Cool, a thread where its acceptable to boast about being manly! We need one of those. Nothing wrong with being proud of your manliness! Every women I have ever been with says they love how safe I make them feel. I am in "decent" shape now, because I like eating whatever I want. But when I eat well for at least 60 days or so I am in elite shape. I wish I could say I was an avid lifter but I never really have been, The men in my family are just built like men, the way the good lord intended. I am 6 foot 5 with broad shoulders and always been strong as an ox. My dad is around 70 years old and still bigger than me, although not as muscular anymore because of lower T levels. I do Crossfit so its a mix of weights with metcon. I also bike. I definitely notice on days I lift heavy weights my sex drive is higher, I think there is supporting science behind this.
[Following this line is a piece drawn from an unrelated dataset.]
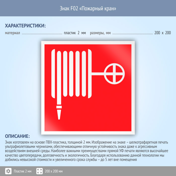 Знак F02 «Пожарный кран» (пластик, 200х200 мм) в Курске купить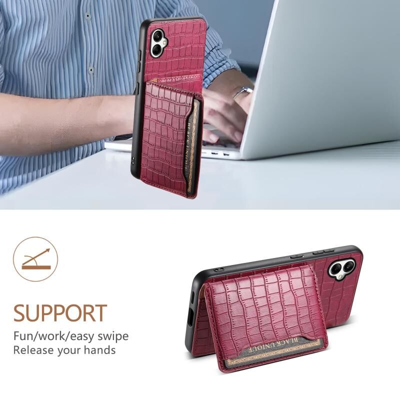 Θήκη κινητού τηλεφώνου Samsung Galaxy A05 με υφή κροκόδειλου και σχέδιο θήκης καρτών, πλήρης κάλυψη (Καφέ)

With that said I just love being a big man, it makes me feel masculine, you can literally feel how turned on it makes some women just to be in your presence. If they are petite its almost like they get lost in it when you embrace them. I think it makes them feel as feminine as it makes me feel masculine. Size has other perks too. I'm no bully but I actually love it when I am out at a bar or something like that and I step away from my date for a bit and inevitably someone will hit on your woman. When I return to her side I don't even have to say anything. They just walk away, or say "My bad bro". Recently a guy shouted, "She didn't tell me!!!!", and briskly walked away. Its not like I made a mean face or threatened him even. With size comes respect from men and women. I wouldn't trade it for anything. Ok....going to go out and club my dinner now and then cook it on fire.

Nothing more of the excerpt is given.